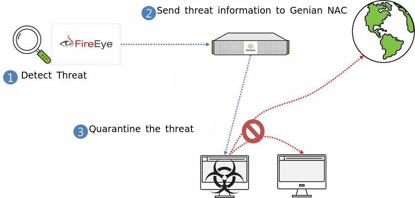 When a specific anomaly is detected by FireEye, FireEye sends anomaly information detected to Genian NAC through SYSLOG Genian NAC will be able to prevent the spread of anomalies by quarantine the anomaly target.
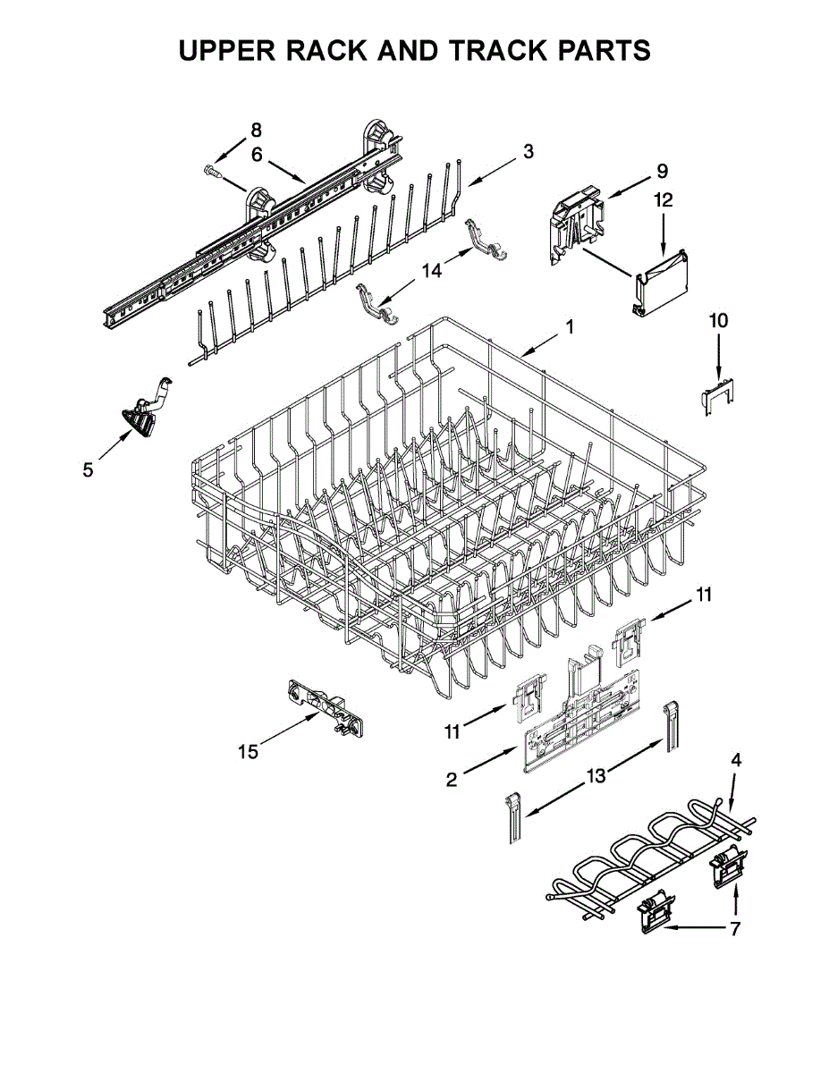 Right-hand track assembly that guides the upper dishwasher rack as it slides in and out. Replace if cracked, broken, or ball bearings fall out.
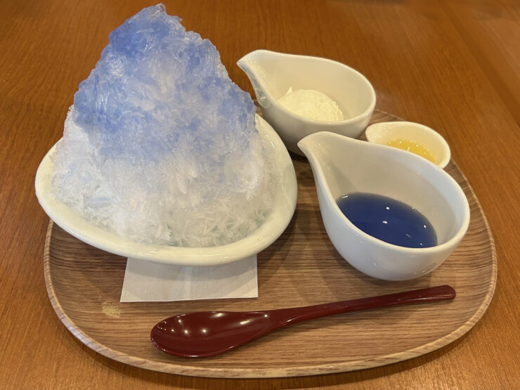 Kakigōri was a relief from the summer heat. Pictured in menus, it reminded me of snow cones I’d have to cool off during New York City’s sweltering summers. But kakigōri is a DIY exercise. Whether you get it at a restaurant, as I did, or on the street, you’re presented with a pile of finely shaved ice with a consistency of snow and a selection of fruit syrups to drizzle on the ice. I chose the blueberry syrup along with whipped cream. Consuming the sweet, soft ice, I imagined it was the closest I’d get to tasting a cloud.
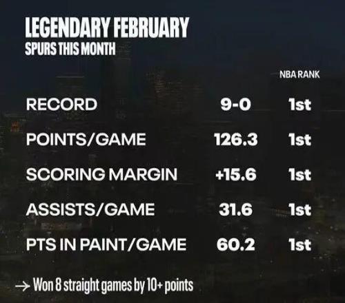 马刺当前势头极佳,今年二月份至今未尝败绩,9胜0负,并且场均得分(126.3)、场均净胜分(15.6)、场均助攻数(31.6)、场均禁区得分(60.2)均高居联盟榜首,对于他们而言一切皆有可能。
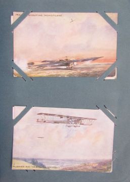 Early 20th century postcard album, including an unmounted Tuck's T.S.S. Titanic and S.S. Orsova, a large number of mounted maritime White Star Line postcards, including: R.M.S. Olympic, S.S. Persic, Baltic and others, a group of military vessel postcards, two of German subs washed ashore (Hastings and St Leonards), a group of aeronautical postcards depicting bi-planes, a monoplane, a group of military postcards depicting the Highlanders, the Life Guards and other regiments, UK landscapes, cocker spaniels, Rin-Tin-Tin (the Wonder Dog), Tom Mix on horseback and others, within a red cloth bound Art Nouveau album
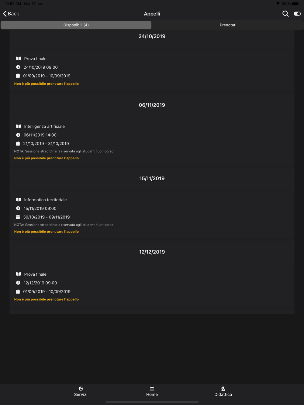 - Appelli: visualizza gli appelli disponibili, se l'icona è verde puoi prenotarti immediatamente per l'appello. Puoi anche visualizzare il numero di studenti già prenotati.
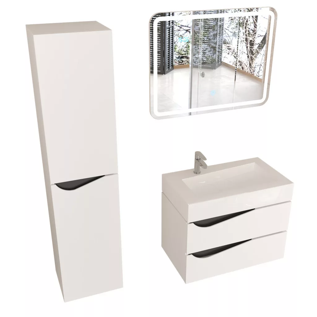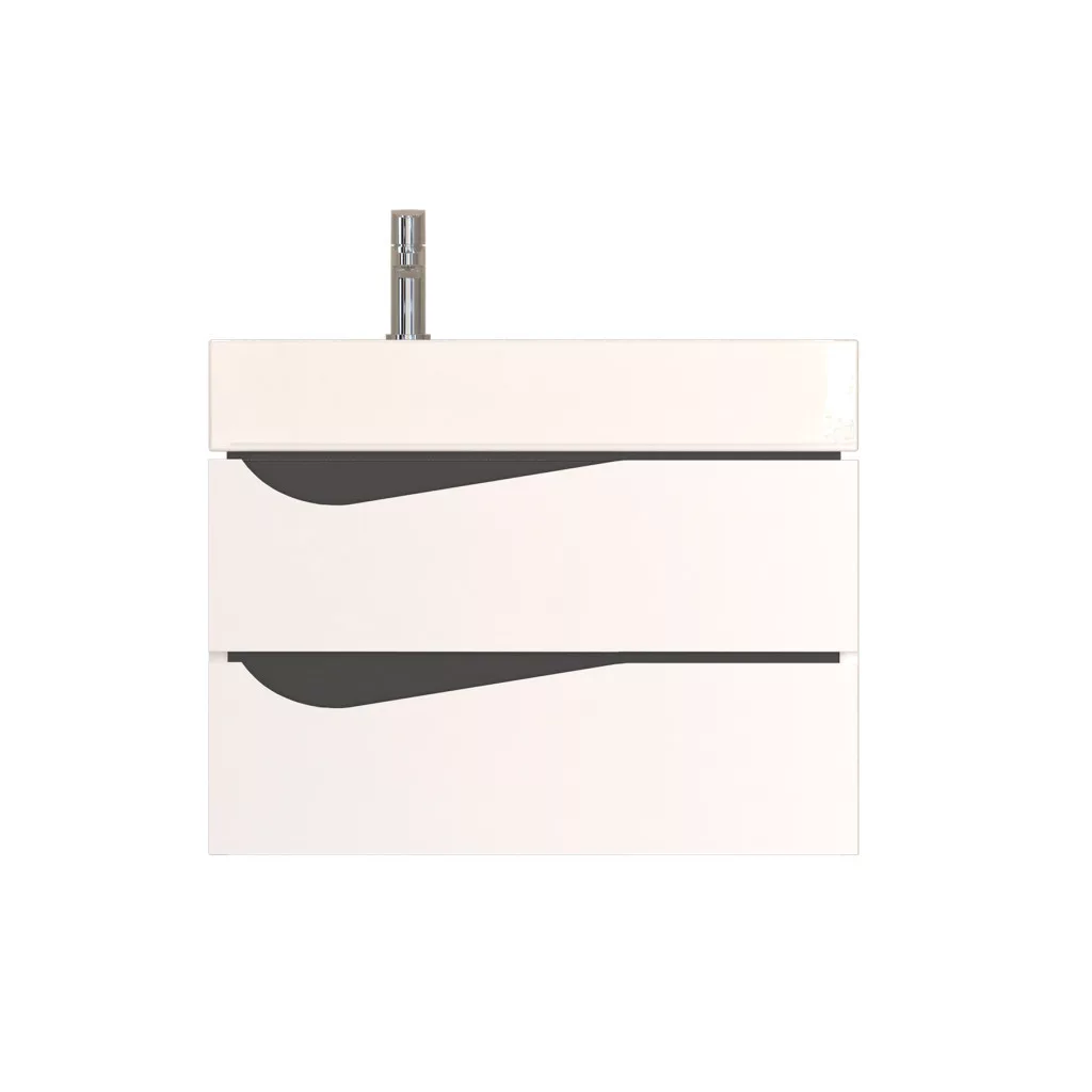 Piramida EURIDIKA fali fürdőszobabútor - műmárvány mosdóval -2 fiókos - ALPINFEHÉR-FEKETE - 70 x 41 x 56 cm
* * * * * * *
Your assignment - Copy exactly what appears from the line holding "Right-hand track assembly" to the end of the material, keeping both end lines. Pictures are not part of the copy.

Exercise response -
 Right-hand track assembly that guides the upper dishwasher rack as it slides in and out. Replace if cracked, broken, or ball bearings fall out.
 Kakigōri was a relief from the summer heat. Pictured in menus, it reminded me of snow cones I’d have to cool off during New York City’s sweltering summers. But kakigōri is a DIY exercise. Whether you get it at a restaurant, as I did, or on the street, you’re presented with a pile of finely shaved ice with a consistency of snow and a selection of fruit syrups to drizzle on the ice. I chose the blueberry syrup along with whipped cream. Consuming the sweet, soft ice, I imagined it was the closest I’d get to tasting a cloud.
 马刺当前势头极佳,今年二月份至今未尝败绩,9胜0负,并且场均得分(126.3)、场均净胜分(15.6)、场均助攻数(31.6)、场均禁区得分(60.2)均高居联盟榜首,对于他们而言一切皆有可能。
 Early 20th century postcard album, including an unmounted Tuck's T.S.S. Titanic and S.S. Orsova, a large number of mounted maritime White Star Line postcards, including: R.M.S. Olympic, S.S. Persic, Baltic and others, a group of military vessel postcards, two of German subs washed ashore (Hastings and St Leonards), a group of aeronautical postcards depicting bi-planes, a monoplane, a group of military postcards depicting the Highlanders, the Life Guards and other regiments, UK landscapes, cocker spaniels, Rin-Tin-Tin (the Wonder Dog), Tom Mix on horseback and others, within a red cloth bound Art Nouveau album
 - Appelli: visualizza gli appelli disponibili, se l'icona è verde puoi prenotarti immediatamente per l'appello. Puoi anche visualizzare il numero di studenti già prenotati.
 Piramida EURIDIKA fali fürdőszobabútor - műmárvány mosdóval -2 fiókos - ALPINFEHÉR-FEKETE - 70 x 41 x 56 cm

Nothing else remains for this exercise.